Noah and The Whale @ The Roundhouse, London 24/07/2011

July 25, 2011 by  

Noah and the Whale’s three albums are essentially a detailed record of Charlie Fink’s romantic past. The band’s primary creative force and lead singer, he was cocooned in the warmth and happiness of love when the first album was written and recorded, and good times were rolling for him and his friends. Sun sun sun! Fun fun fun! Love love love, they proclaimed! It’s clear that Fink was enamoured. Then the second album was released, and things had evidently gone awry. These songs were full of bitterness, sadness, loneliness, and eventually a determination to become a stronger, better person. Noah and the Whale’s third album, ‘Last Night on Earth’, is all about new beginnings, change, and ambition. If that’s not catharsis, I don’t know what is.

Clad in suits, the five notably suave looking members of Noah and the Whale strode onto the huge stage at The Roundhouse, oozing with new-found confidence. The dark days of ‘The First Days of Spring’ are behind them, and they burst into ‘Give A Little Love’, complete with a mini jam session at the end. Afterwards, a chirpy violin signals the beginning of ‘Just Me Before We Met’, a song about memories, good and bad, as if to dispel everything that has happened before to make way for the here and now. This seemed to be the central theme for the rest of the set, which was packed full of some of the band’s more upbeat numbers. There was a moment of respite from the cheeriness which arrived in the shape of ‘Wild Thing’, a comparatively more sombre song. Fink picked things up afterwards, saying ?That was the abbreviated romantic part of our set. We feel like tonight you guys want to have a good time, and as do we.? before launching into ‘Rocks and Daggers’, which was much more in keeping with the overall tone of the performance.

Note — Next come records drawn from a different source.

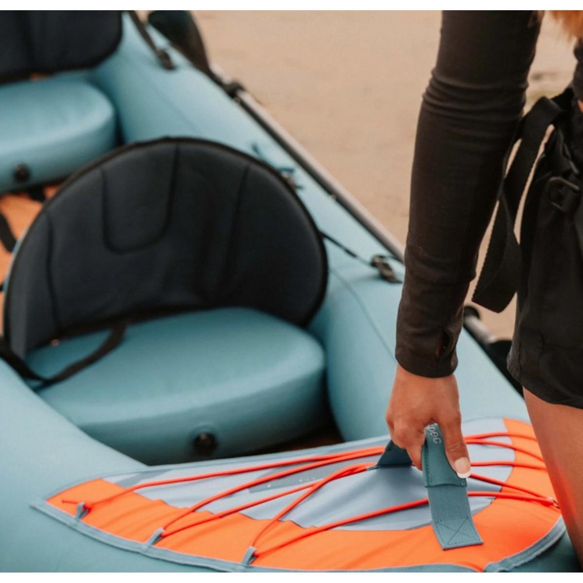 Embark on endless adventures with our most durable, portable, and spacious 2-person kayak. Coaster’s heavy-duty shell and a puncture-resistant tarpaulin hull make it durable and stable, even when things get a bit choppy. Unlike most, this tandem kayak is extra roomy, so you can bring along an adventurous pup or kid. (2 seats and paddles included; ensure everyone is wearing a life vest.) Front and rear bungee nets offer ample storage space for all the gear you bring aboard and dual paddle holders are by your side whenever you want to put down your paddles and coast. Fine-tune your kayak’s setup with 2 adjustable seats and 1 removable footrest included: you can customize how much legroom each passenger has and keep your feet braced for an extra comfortable kayaking experience.
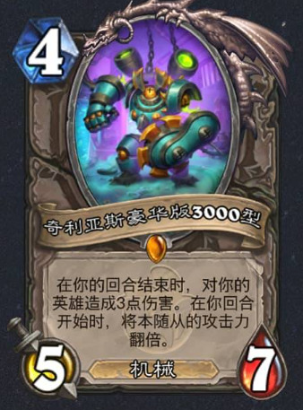 而宇宙贼真正缺少的是类似大范的有巨大威胁的强力站场,失控模块和能量模块恰好弥补。四费七血的屁股不可谓不超模,看似是5/7,实则是10/7。奇利亚斯这张卡是越早出越强,后手有硬币,卡组也带了殒命暗影和伪造的幸运币。最胡不过一费出,基本直接宣告游戏胜利,二费出也是家常便饭,能给对面带来很大的场面压力。两费出对阵不糊的快攻,你比他斩杀更快,他反而要来解你的场,七血的大屁股能替你解掉对面许多随从;对阵慢速,依然能带给他很大的场面压力,如果三费还能出个小塞,不管什么卡组都得汗流浃背。配上一张究极爽局,一费出奇利亚斯,二费出小塞,三费对手投降完美节奏。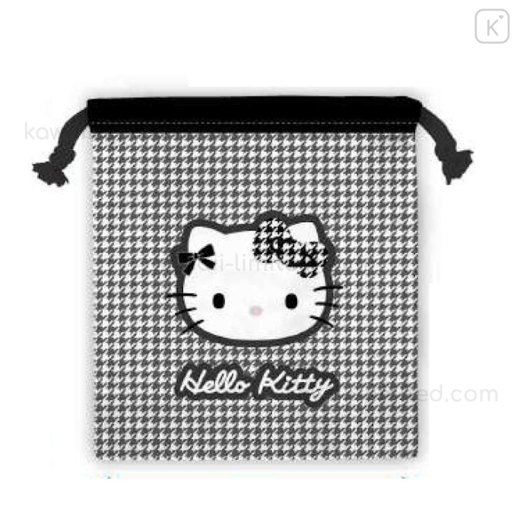 Japan Sanrio Drawstring Bag - Hello Kitty : Houndstooth Black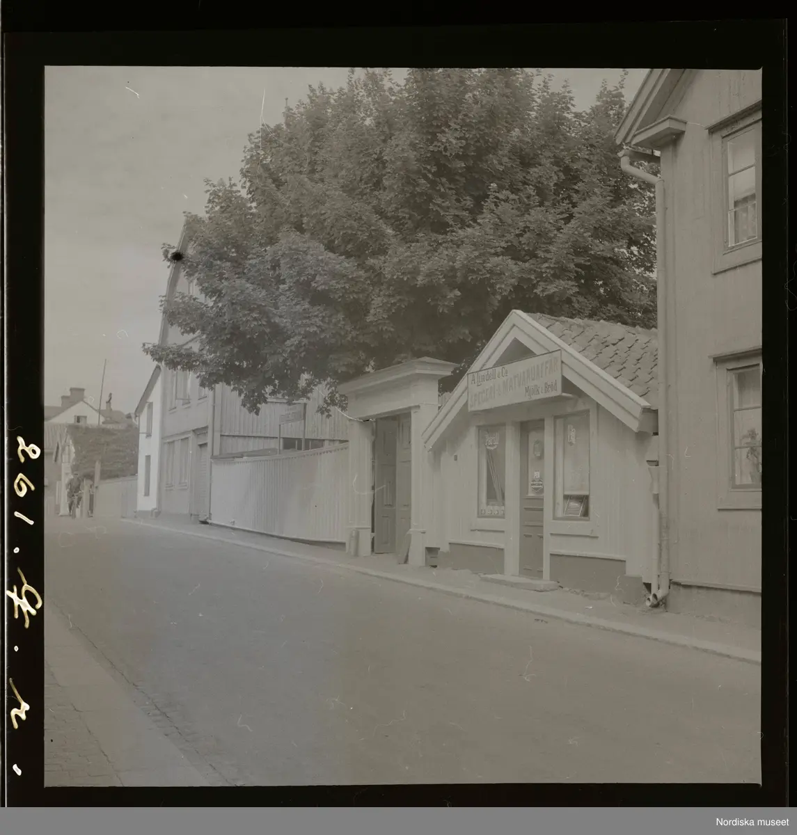 Gatubild. Butik med skylt: A. Lindell & Co. Speceri- & Matvaruaffär. Mjölk & Bröd.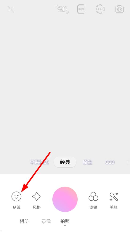 2、在拍攝界面下方,點(diǎn)擊貼紙選項(xiàng),打開(kāi)貼紙選擇菜單,以便找到時(shí)間相關(guān)貼紙。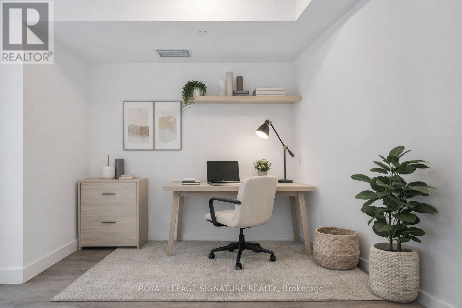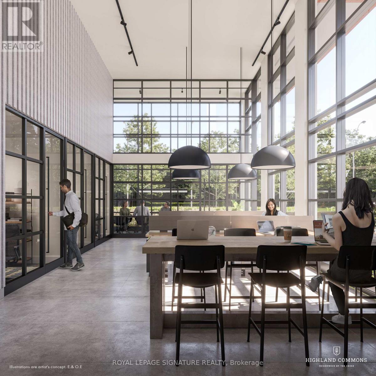 Be the first to live in this sleek 1+1 bedroom, 2-bath suite at Highland Commons by Altree Developments, offering 622 sq ft of thoughtfully designed interior space plus a 51 sq ft balcony, with an open-concept living/dining area, modern kitchen with integrated appliances and contemporary cabinetry, spacious den ideal for a home office or guest space, a bright bedroom with large closet, two spa-inspired bathrooms with matte black fixtures and glass shower, wide-plank flooring throughout, floor-to-ceiling windows, in-suite stacked laundry, 1 EV parking space and locker, all in a brand new midrise community steps to UTSC, Centennial College, ravine trails, parks, transit and quick access to Hwy 401, with impressive building amenities including 24/7 concierge, co-working space, dual-level gym, party room, outdoor pool, rooftop terrace, basketball court, games room and more for a complete urban-meets-nature lifestyle in Highland Creek (id:4555)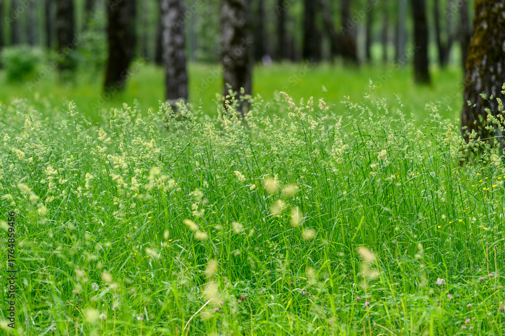 A Beautiful Lush Green Grass Field Encompassed by Various Trees and Nature Environments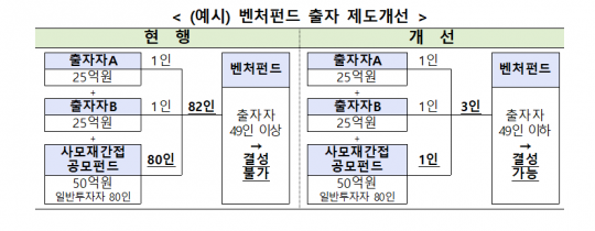 사모재간접 공모펀드의 벤처펀드 투자를 활성화해 일반, 소액투자자의 벤처투자 시장 참여도 확대한다. 다수의 일반 투자자를 1명의 출자자로 간주해 사모재간접 공모펀드의 벤처펀드 출자 여건을 마련하는 것이다.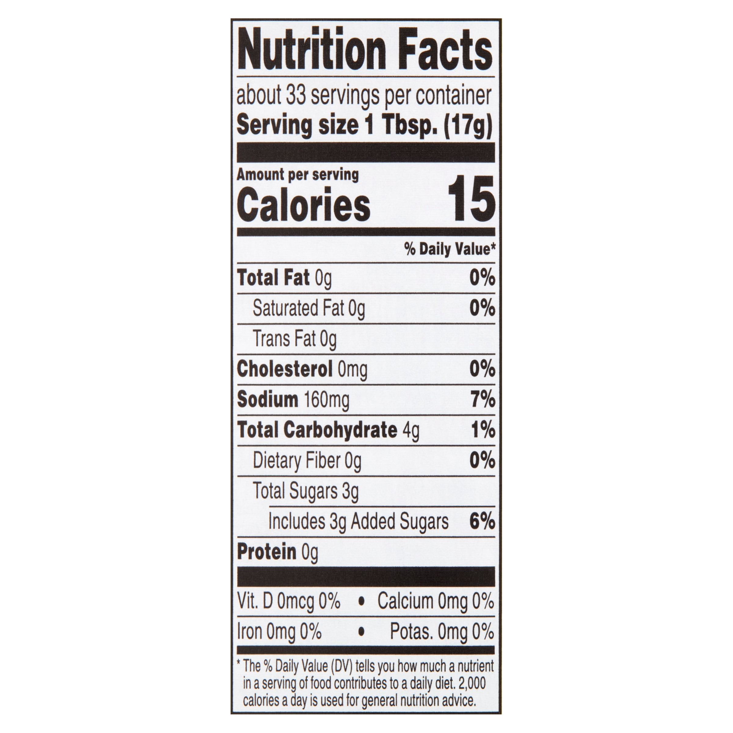 - 15 calories per serving

The vast majority of songs were from the first and third albums, and favourites ‘5 Years Time’ and ‘L.I.F.E.G.O.E.S.O.N.’ went down particularly well. Fink commanded the crowd to punch the air during the chorus of ‘Tonight’s The Kind of Night’, too, and everybody in the building happily followed orders, which turned out to be a pretty awesome spectacle. The band had no problem at all filling the spacious Roundhouse stage, either. Bassist Matt Owens was especially entertaining, galloping across the stage at every opportunity and generally looking like he was having a great time, and the whole band rocked out to an admirable extent during the last few chaotic minutes of the encore, ‘The First Days of Spring’.

Noah and the Whale have always been a very solid band, but now they have a sense of self-assuredness about them. And with their sharp looks, their natural stage presence, and the fact that their new material transfers brilliantly to a live setting, they have very good reason to feel that way.